`{mmrm}`: A Robust and Comprehensive R Package for Implementing Mixed Models for Repeated Measures

useR! 2024

Daniel Sabanés Bové

RCONIS

July 9, 2024

Acknowledgments

Thanks to all other authors of {mmrm}:

Brian Matthew Lang (MSD)
Christian Stock (Boehringer)
Dan James (AstraZeneca)
Daniel Leibovitz (Roche)
Daniel Sjoberg (Roche)
Doug Kelkhoff (Roche)

Julia Dedic (Roche)
Jonathan Sidi (Sanofi)
Kevin Kunzmann (Boehringer)
Liming Li (Roche)
Ya Wang (Gilead)

Acknowledgments

Thanks for discussions and contributions from:

Ben Bolker (McMaster University)
Davide Garolini (Roche)
Craig Gower-Page (Roche)
Dinakar Kulkarni (Roche)
Gonzalo Duran Pacheco (Roche)
Members of openstatsware

Agenda

Prelude: openstatsware
Interlude: Mixed Models for Repeated Measures and {mmrm}
Finale: Ingredients for Successful Collaborations

Prelude: `openstatsware`

`openstatsware`

Formed on 19 August 2022, affiliated with American Statistical Association (ASA) as well as European Federation of Statisticians in the Pharma Industry (EFSPI)
Cross pharma industry collaboration (59 members from 38 organizations)
Homepage at openstatsware.org
We welcome new members to join!

Working Group Objectives

Primary
- Engineer R packages that implement important statistical methods
  - to fill in gaps in the open-source statistical software landscape
  - focusing on what is needed for biopharmaceutical applications
Secondary
- Develop and disseminate best practices for engineering high-quality open-source statistical software
  - By actively doing the statistical engineering work together, we align on best practices and can communicate these to others
  - See my virtual presentation about openstatsguide and the corresponding poster tomorrow!

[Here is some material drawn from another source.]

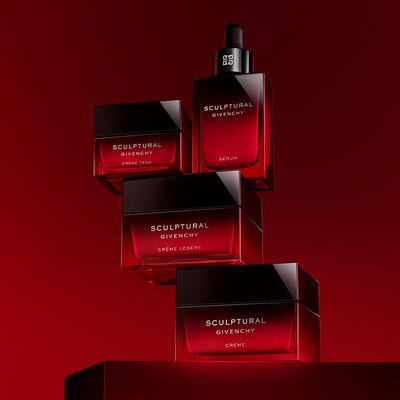 Today, the Sculptural anti-aging range is designed to restore the appearance of the face’s youthful dimension. Distinctive and elegant, the Sculptural red packaging echoes the heritage of the Maison.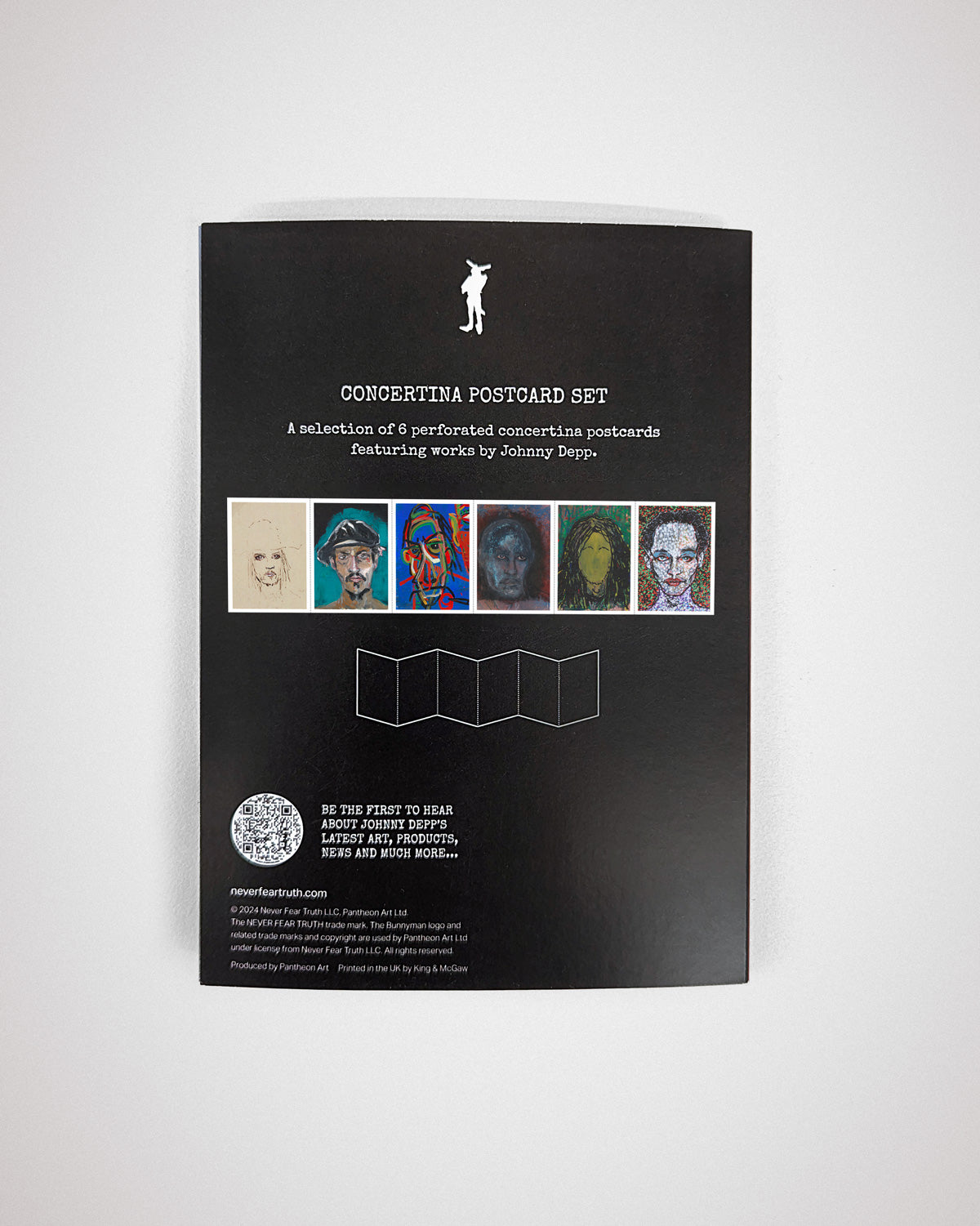 この6枚の蛇腹式ポストカードの中には、ジョニー・デップによるポートレートが収められています。自画像でしょうか?いくつかは特に謎めいています。厳選されたこれらの作品は、彼の愛する鮮やかな色彩から、衝動的な絵の具の飛び散り、荒々しい線まで、このアーティストの多様な創作手法と技法を余すところなく示しています。何よりも、ジョニーがさまざまな肖像画スタイルを通じてその形と、個性を描き出す能力をいかに磨いてきたかがわかります。

Interlude: Mixed Models for Repeated Measures and `{mmrm}`

What is a MMRM?

MMRM is a popular choice for analyzing longitudinal continuous outcomes in randomized clinical trials
For each subject \(i\) we observe a vector \[ Y_i = (y_{i1}, \dotsc, y_{im_i})^\top \in \mathbb{R}^{m_i} \]
Use a design matrix \(X_i \in \mathbb{R}^{m_i \times p}\)
Use a corresponding coefficient vector \(\beta \in \mathbb{R}^{p}\)
Assume that the observations are multivariate normal distributed: \[ Y_i \sim N(X_i\beta, \Sigma_i) \] where the covariance matrix \(\Sigma_i \in \mathbb{R}^{m_i \times m_i}\) is derived by subsetting the overall covariance matrix \(\Sigma \in \mathbb{R}^{m \times m}\) appropriately

Covariance model and Estimation

The symmetric and positive definite covariance matrix \(\Sigma\) is parametrized by a vector of variance parameters \(\theta = (\theta_1, \dotsc, \theta_k)^\top\)
There are many different choices for how to model the covariance matrix and correspondingly \(\theta\) has different interpretations, e.g.:
- Unstructured, Toeplitz, AR1, compound symmetry, ante-dependence, spatial exponential
- Group specific covariance estimates and weights
Estimation is performed
- (sometimes) via maximum likelihood (ML) inference, maximizing the joint log-likelihood of \((\beta, \theta)\) or
- (usually) via integrating out \(\beta\) from the likelihood and maximizing for \(\theta\) (restricted ML, REML)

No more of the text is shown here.